“On Saturday afternoon, Adelaide and much of southern South Australia endured one of the strongest thunderstorms in recent memory,” reported Weatherzone.
The storms contributed to the trip of the Tailem Bend – South East 275kV #1 and #2 lines which led to the islanding of SA, and sent many electricity poles and lines down around the state leaving more than 80,000 without power. We reviewed the the sequence of events immediately around the trip on WattClarity.
In this article we explore the impacts on wind power generation as the storms passed through, in the leadup to the transmission line trip at 16:39 (NEM time, reflected in the market by the 16:45 interval).
Surely, one would think, with this extraordinary weather, the wind turbines would be turning extra hard.
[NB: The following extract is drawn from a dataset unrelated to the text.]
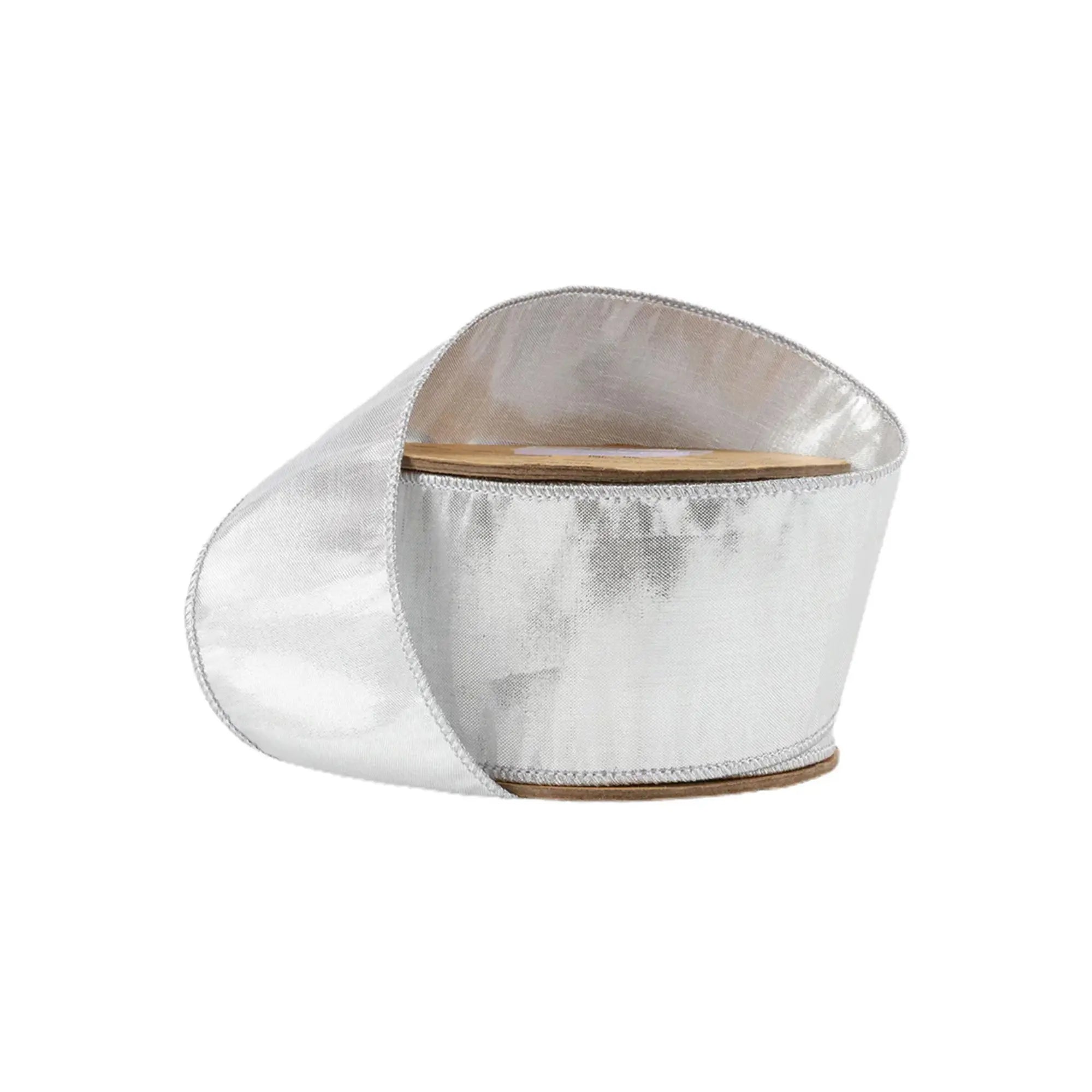 2 1/2" Wired Metallic Dupioni Ribbon | Bright Silver | 10 Yard Roll

Despite the impressive storm activity, however, wind power output was hit-and-miss, and in aggregate, wind output was maintained at a fairly stable level. From some viewpoints, Saturday started out largely as just another day on the grid for the typical SA wind farm, dealing with the usual network constraints, scheduled outages and wind variability.
Yet at the individual wind farm level, there were many things going on to drive output in various directions, including:
- Localised wind variability
- Predictability of dispatch availability
- Network conditions
- Bids
- Local conditions indicating high wind cut-out conditions
As such, we’ve aimed to present examples of the variety of features that drove wind farm output on the day, although readers should note this is not necessarily a complete picture of the day, rather just some observations that stood out to us in the time available to compile this article that might be of interest to readers.
Localised Wind Variability
For context, at around 15:30 NEM time a squall line of storms rolled across Adelaide and brought damaging wind gusts.
At this time wind gusts in Adelaide were nearly triple the average: wind gusts at Adelaide West Terrace were recorded at 78 km/hr. Yet either side of the gust we note underlying wind speeds were not noticeably higher on average than recent days.
To get a sense of overall wind farm performance, we’ve animated the progression of the storms between 07:45 and 18:30 (NEM time which is 30-minutes behind local time). We used radar rainfall intensity as a surrogate for storm intensity and plotted the power output of wind farms in SA.
- There’s a grey circle for each wind farm and its size represents the power output of each.
- The green circle is labelled with percentage output as a proportion of aggregate maximum capacity. We added this to summarise overlapping wind farms, by grouping them into six clusters.
Wind output in aggregate was around 1400 MW at 00:00 Saturday morning, and had gradually reduced to 750 MW by around 08:30. It rallied back to 1200 MW by about 15:00 before reducing again into the islanding event just before the 16:45 dispatch interval (marked by the vertical red line) in the chart below.
Ramp rates, calculated as changes in output over a defined period are charted below. We can see that the strongest ramps occurred after the islanding. Before the islanding aggregate wind output was not particularly variable.
To dive into some more detail, let’s first remember that wind power output is not simply a 1:1 match with the wind speed. It depends on:
- The wind which dictates unconstrained generation potential,
- Market and network conditions which can limit output,
- Bidding, and whether a generator bid low enough to be dispatched, and
- Site conditions and local limits which might include high wind cutouts.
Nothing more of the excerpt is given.